You can also run mini_memcheck on other programs, like echo:

$ ./mini_memcheck echo 'Hello, world!'
==19506== Mini-Memcheck
Hello, world!
==19506==
==19506== Program made 0 bad call(s) to free or realloc.
==19506==
==19506== HEAP SUMMARY:
==19506==    Total memory requested: 1068 bytes
==19506==    Total memory freed: 1068 bytes
==19506==    No leaks, all memory freed. Congratulations!

It should work on most standard utilities, but just be aware that it won’t work on everything. You’ll notice it may generate different output than Valgrind or may even crash when run on complex software like python. This is okay; writing a memory checker is hard! You only need to implement what we’ve described above and in mini_memcheck.h.

This part of the assignment in this section is not graded. However, sentinel value is a pretty cool concept and we encourage you to try to implement it.

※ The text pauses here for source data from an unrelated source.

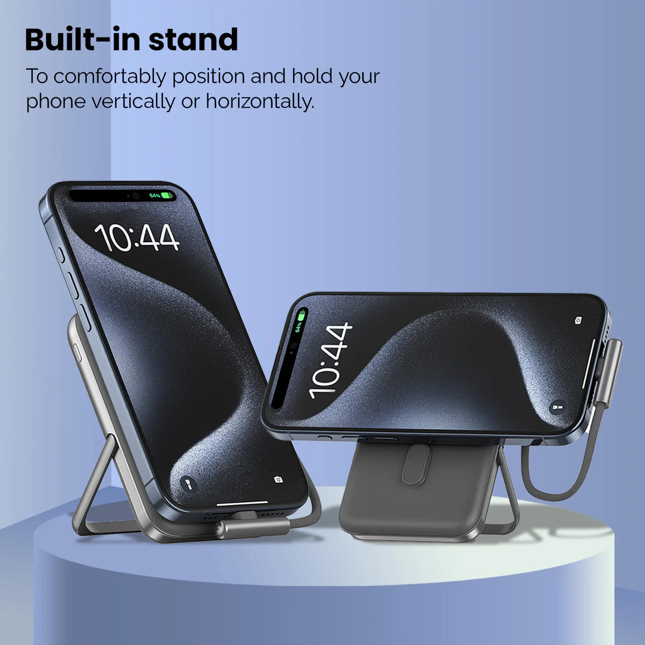 This power bank has a built-in Zinc Alloy stand to comfortably position and hold your phone horizontally so you can watch videos hands free, while it charges. The matt finish makes for a better grip and feels experience.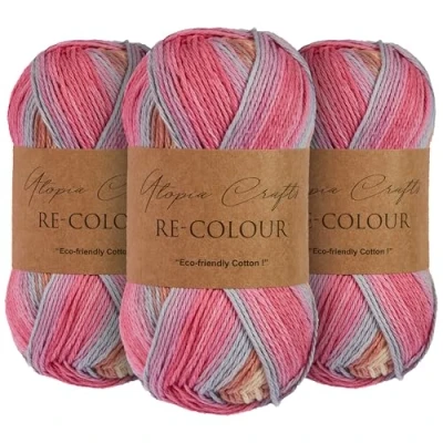 Utopia Crafts Re Colour Ombre Knitting & Crochet Yarn 3X 100g (Spring Blossom)
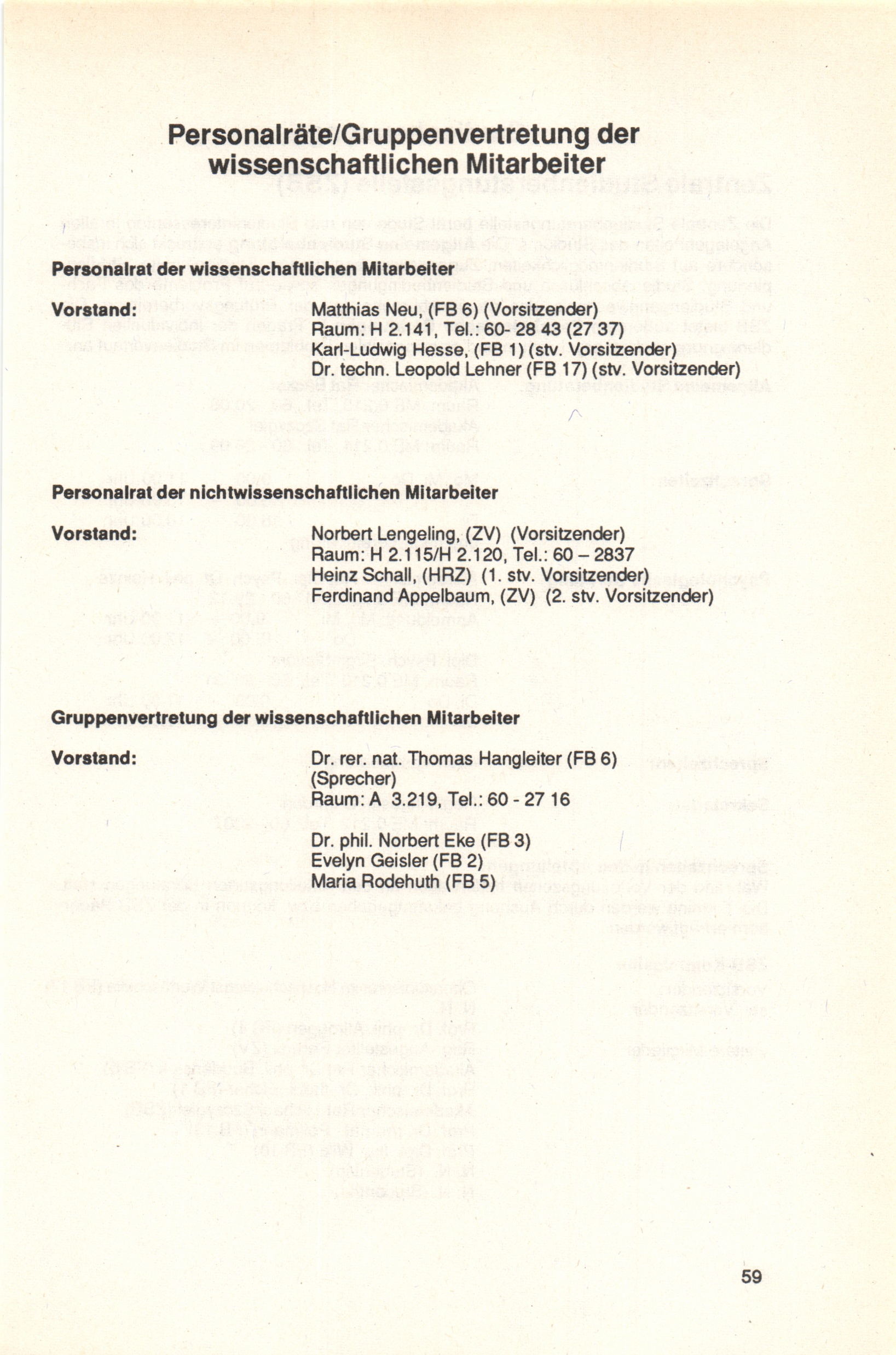 Personalräte/Gruppenvertretung der wissenschaftlichen Mitarbeiter

So, suppose that our users of mini_memcheck are terrible at coding. They wrote past the end of their allocation (buffer overflow) and corrupted the memory beyond what’s allocated to them. Can we detect this kind of memory corruption and warn them? The answer is yes, by using sentinel value!

Sentinel value is a chunck of pre-defined bits at the end of an allocated memory. In other word, each allocation would look like this:

[meta_data][---actual data---][sentinel_value]

On every operation, we would check that the sentinel value is still the same as it was pre-defined. If the sentinel value has changed, then we know for certain that the user has corrupted memory.

In your mini_memcheck, you will use the magic number 0xCAFEBABE for sentinel value. (Why x0CAFEBABE?)

Implementation:

• Add the bits 0xCAFEBABE to the end of every allocation. (Do you need to do it for realloc?)
• Check if the sentinel value of a previously allocated buffer has changed in mini_realloc and mini_free.
• If so, print out a warning to the user with fprintf(stderr, ...). (Do not print to stdout!)

If you want to test out your implementation, you can add the following code to your test.c and see if you get any warning when running ./mini_memcheck ./test:

char* ptr = malloc(10);
*(ptr + 10) = 'a';
free(ptr);

This section describes some details of how we’ve implemented mini_memcheck. You are encouraged, but not required, to understand this.

We compile your mini_ functions, along with some extra code from mini_hacks.c, into a shared object called mini_memcheck.so.

mini_hacks.c has two main jobs:

• Create wrappers around malloc and the other functions to make sure they use your replacement functions when the user’s program calls them, while still letting you use the real versions within your code
• Print out leak info at program exit

The actual ./mini_memcheck program is implemented in mini_main.c. When you run ./mini_memcheck ./test, we use an environment variable called LD_PRELOAD to run the ./test program using the code in mini_memcheck.so. Essentially, it replaces normal references to the built-in malloc with references to our version.

“But,” you may ask, “how do we call the real version of malloc if we’ve replaced it with our own version of it?” The trick is a function called dlsym, which allows us to bypass LD_PRELOAD and ask for a function pointer to the real malloc. This is all handled within mini_hacks.c.